Your answer should hold all lines of the entries that include the word "with".

#### Data for analysis
• • • • •
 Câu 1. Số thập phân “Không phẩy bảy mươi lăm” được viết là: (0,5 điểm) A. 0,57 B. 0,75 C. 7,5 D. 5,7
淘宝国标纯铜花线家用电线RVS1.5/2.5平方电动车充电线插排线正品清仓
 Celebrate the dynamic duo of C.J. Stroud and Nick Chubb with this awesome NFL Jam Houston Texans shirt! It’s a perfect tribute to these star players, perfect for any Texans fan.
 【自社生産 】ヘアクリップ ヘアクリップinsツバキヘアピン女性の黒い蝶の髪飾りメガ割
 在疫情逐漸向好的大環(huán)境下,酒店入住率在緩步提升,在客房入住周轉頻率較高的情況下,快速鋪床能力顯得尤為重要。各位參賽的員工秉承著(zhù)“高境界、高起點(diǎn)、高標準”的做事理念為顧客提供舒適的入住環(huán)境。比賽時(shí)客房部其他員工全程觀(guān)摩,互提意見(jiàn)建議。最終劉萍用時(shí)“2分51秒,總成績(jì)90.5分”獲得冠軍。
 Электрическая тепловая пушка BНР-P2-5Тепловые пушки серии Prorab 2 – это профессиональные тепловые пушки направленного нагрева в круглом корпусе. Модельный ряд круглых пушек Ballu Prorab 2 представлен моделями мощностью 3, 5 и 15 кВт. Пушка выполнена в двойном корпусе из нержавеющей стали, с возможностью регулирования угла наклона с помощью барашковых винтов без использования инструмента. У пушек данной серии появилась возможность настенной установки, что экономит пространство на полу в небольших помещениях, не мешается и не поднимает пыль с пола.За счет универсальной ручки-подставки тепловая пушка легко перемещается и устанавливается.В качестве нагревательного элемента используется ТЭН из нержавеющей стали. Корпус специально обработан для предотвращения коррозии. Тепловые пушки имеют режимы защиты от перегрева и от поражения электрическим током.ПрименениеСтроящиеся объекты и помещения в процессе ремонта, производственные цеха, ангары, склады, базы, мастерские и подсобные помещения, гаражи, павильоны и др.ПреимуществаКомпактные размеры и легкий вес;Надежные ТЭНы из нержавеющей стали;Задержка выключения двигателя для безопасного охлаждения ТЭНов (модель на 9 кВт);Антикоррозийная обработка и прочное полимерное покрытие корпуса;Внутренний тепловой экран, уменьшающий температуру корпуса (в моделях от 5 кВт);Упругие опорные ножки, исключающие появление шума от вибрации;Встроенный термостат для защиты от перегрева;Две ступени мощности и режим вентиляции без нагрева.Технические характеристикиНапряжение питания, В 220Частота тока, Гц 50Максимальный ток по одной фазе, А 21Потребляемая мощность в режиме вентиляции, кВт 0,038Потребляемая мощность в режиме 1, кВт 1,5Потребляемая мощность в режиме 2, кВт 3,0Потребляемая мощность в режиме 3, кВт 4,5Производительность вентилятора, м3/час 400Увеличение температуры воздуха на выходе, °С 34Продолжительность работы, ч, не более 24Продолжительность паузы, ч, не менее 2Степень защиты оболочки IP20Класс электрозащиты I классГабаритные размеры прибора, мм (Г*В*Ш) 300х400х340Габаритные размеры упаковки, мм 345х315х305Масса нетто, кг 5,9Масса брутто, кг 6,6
• • • • •
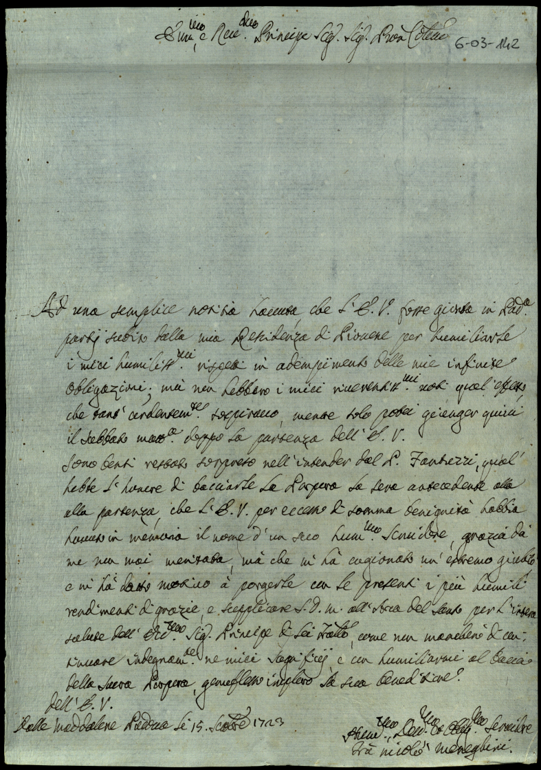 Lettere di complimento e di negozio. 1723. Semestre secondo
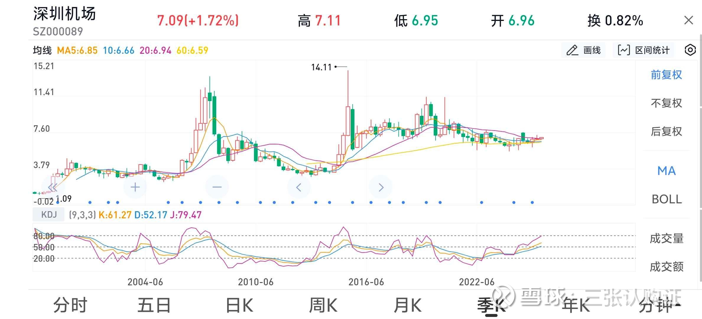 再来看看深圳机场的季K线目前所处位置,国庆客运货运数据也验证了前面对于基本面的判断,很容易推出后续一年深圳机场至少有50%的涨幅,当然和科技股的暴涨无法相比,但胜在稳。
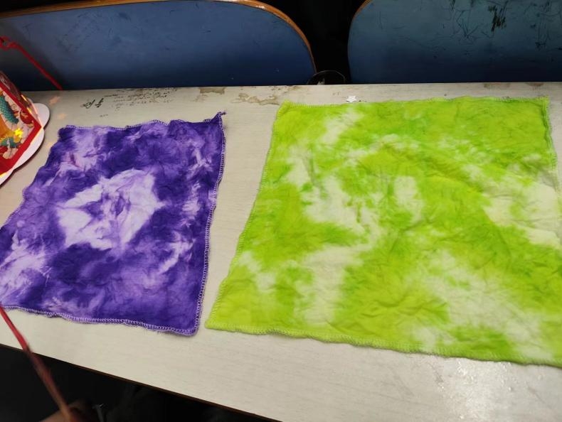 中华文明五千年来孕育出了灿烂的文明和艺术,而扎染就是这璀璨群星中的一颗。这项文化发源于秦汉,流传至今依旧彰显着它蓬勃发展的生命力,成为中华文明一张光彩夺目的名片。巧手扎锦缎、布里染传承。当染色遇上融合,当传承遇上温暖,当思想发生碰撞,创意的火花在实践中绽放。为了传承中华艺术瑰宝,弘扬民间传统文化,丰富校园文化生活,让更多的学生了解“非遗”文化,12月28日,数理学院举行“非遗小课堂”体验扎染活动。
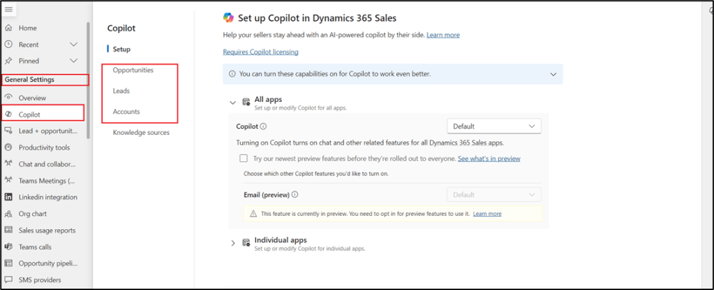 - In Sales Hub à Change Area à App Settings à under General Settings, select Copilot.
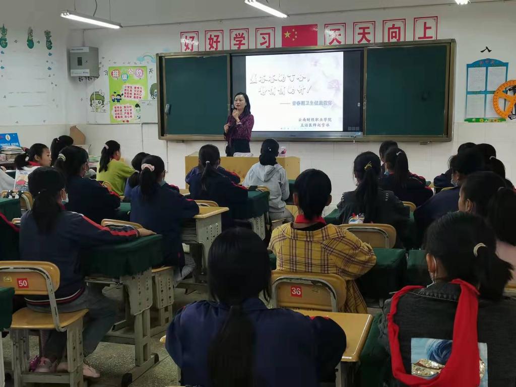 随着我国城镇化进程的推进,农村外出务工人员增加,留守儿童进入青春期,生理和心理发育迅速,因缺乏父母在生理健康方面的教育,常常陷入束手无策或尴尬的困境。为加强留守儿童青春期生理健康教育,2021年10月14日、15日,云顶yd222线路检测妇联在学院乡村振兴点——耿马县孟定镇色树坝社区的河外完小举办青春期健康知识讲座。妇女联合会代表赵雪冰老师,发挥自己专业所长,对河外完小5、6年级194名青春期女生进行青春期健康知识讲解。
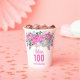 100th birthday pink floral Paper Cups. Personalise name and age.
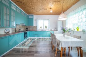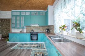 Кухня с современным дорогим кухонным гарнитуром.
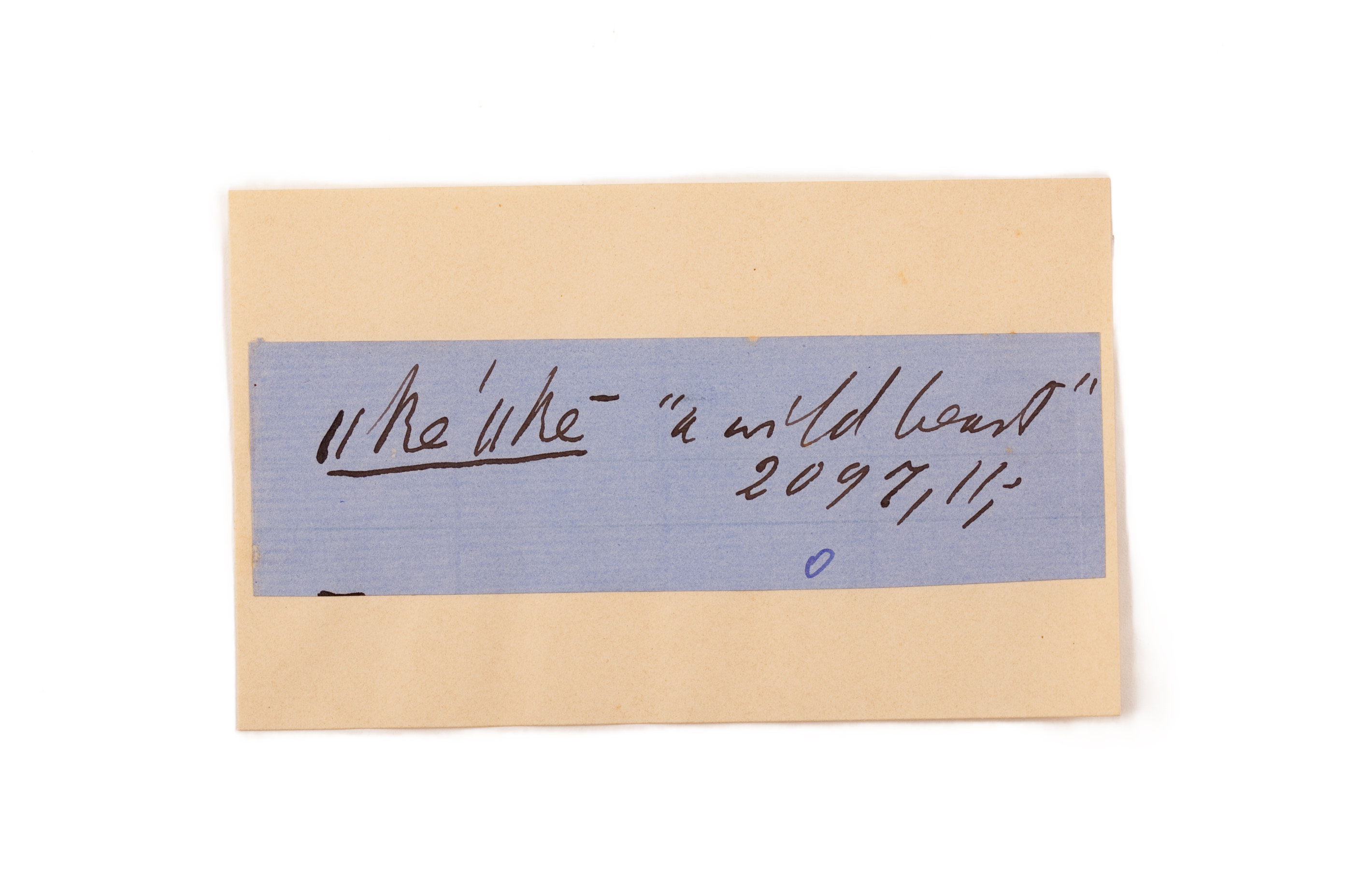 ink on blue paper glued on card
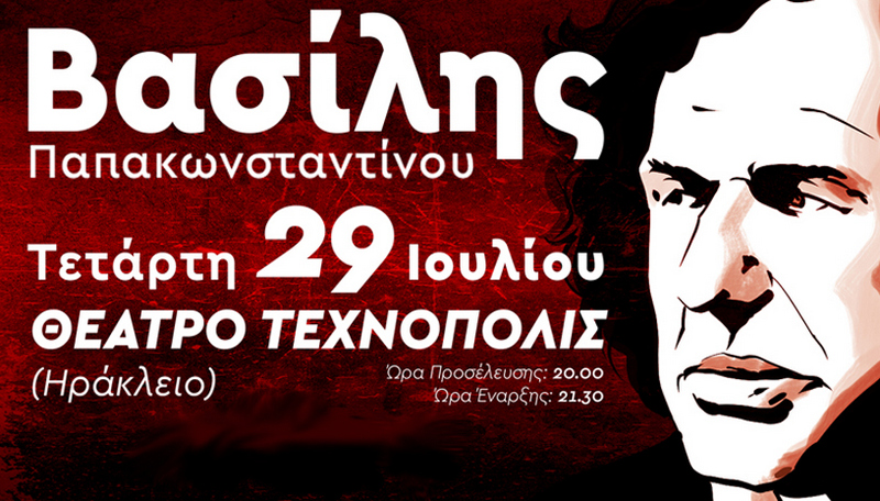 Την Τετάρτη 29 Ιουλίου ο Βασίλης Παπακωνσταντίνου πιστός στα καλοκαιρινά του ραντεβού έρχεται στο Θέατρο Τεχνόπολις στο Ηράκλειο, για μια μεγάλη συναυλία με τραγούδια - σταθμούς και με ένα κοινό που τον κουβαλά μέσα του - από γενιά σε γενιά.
• • • • •
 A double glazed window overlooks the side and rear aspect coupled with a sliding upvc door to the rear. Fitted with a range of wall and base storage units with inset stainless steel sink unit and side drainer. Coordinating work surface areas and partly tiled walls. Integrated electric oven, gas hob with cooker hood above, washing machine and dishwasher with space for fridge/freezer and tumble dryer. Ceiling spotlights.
• • • • •
#### Answer box
 Celebrate the dynamic duo of C.J. Stroud and Nick Chubb with this awesome NFL Jam Houston Texans shirt! It’s a perfect tribute to these star players, perfect for any Texans fan.
 A double glazed window overlooks the side and rear aspect coupled with a sliding upvc door to the rear. Fitted with a range of wall and base storage units with inset stainless steel sink unit and side drainer. Coordinating work surface areas and partly tiled walls. Integrated electric oven, gas hob with cooker hood above, washing machine and dishwasher with space for fridge/freezer and tumble dryer. Ceiling spotlights.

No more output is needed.